= Bilkha =

Village in the Indian state of Gujarat

Bilkha is a small village in the Junagadh district in Gujarat, India. Bilkha lies at the foot of the Girnar clump in the south-east corner.

==History==
According to a legend, Bilkha was the ancient residence of the legendary king Bali.
It is situated about eighteen miles east of Vamansthali (the present Vanthali), the abode of Vamana.

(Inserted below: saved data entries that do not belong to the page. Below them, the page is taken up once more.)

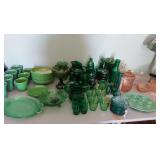 GREEN DEPRESSION GLASS AND OTHER GREEN GLASS ITEMS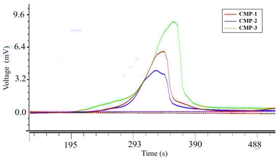 The HPGPC chromatogram of three polysaccharides are presented in Figure 2. They are all homogeneous polysaccharides demonstrated by their chromatographic curves exhibiting a single peak. The results of GPC software fitting and calculation showed that the molecular weights of CMP-1, CMP-2 and CMP-3 were 2.19 × 106 Da, 2.80 × 106 Da and 1.74 × 106 Da, respectively. Previous researchers have reported that the molecular weights of C. militaris polysaccharides were generally between ~103 Da and ~105 Da [30], and a kind of high molecular weight C. militaris polysaccharides (CMP-Ⅲ, 4.796×104 kDa) was isolated by He et al. [31]. The molecular weights of CMP-1, CMP-2 and CMP-3 were observed to be significantly higher than those of the C. militaris polysaccharides that were previously reported, which may be considered as high molecular weight polysaccharides.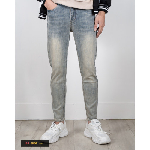 微漸層 復古刷黃的魅力 素面彈力牛仔長褲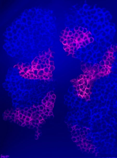 Besonders eindrucksvoll entfaltet das Bild seine Wirkung im Schwarzlicht: Die Neonfarben beginnen intensiv zu leuchten und erzeugen eine fast magische Atmosphäre. In modernen Räumen mit dunklen Wänden oder schwarzen Möbeln kommt dieses Leuchten besonders gut zur Geltung und verwandelt den Raum in ein spannendes, lebendiges Kunst-Erlebnis.
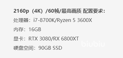 如果是4K版本的最高画质,对于硬件要求就更高了,可以看看下图就知道了,想要直接弄到这个档次,基本上显示器以及显卡的价格都十分高,不过相应的市面上流行的单机游戏都能开最高画质,视觉效果极佳。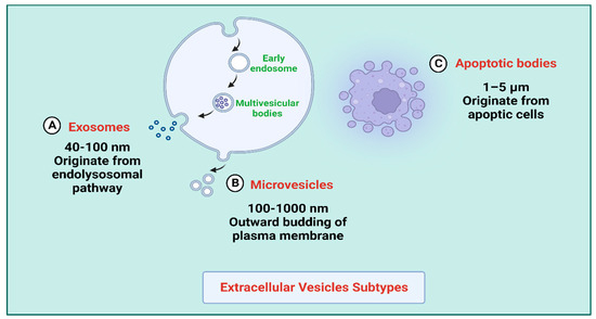 Schematic of EV Subtypes. (A) Exosomes and their formation. (B) Microvesicles and their formation. (C) Apoptotic bodies and their formation. Created with BioRender.com (https://app.biorender.com/illustrations/64d0be423f71706d207a7881, accessed date: 7 August 2023).

During British period, it is owned by Kathis of the Vala tribe, a branch of the Jetpur house. In 1880s, Vala Kala Devdan was a its talukdar who had fourth class jurisdiction in his sole villages, and Valas Ala and Desa both sons of Bhima Sata, they each exercised sixth class jurisdiction in their sole villages. Bilkha itself was joint between the above-mentioned shareholders so it was managed by a thanadar subordinate to the Jetpur taluka court.

===Anand Ashram===

There is an ashram established by Nathuram Sharma, a saint.

==Demographics==
The population according to the census of 1872 was 3,327 and 3,791 people according to the one taken in 1881. The population recorded on the census of 2011 was 11,134.

==Economy==
Bilkha is known for medium variety traditional wood work.

==In popular culture==
The legend of Sagalsha produced several folk-songs. It was a subject of 1978 Gujarati film Sheth Sagalsha.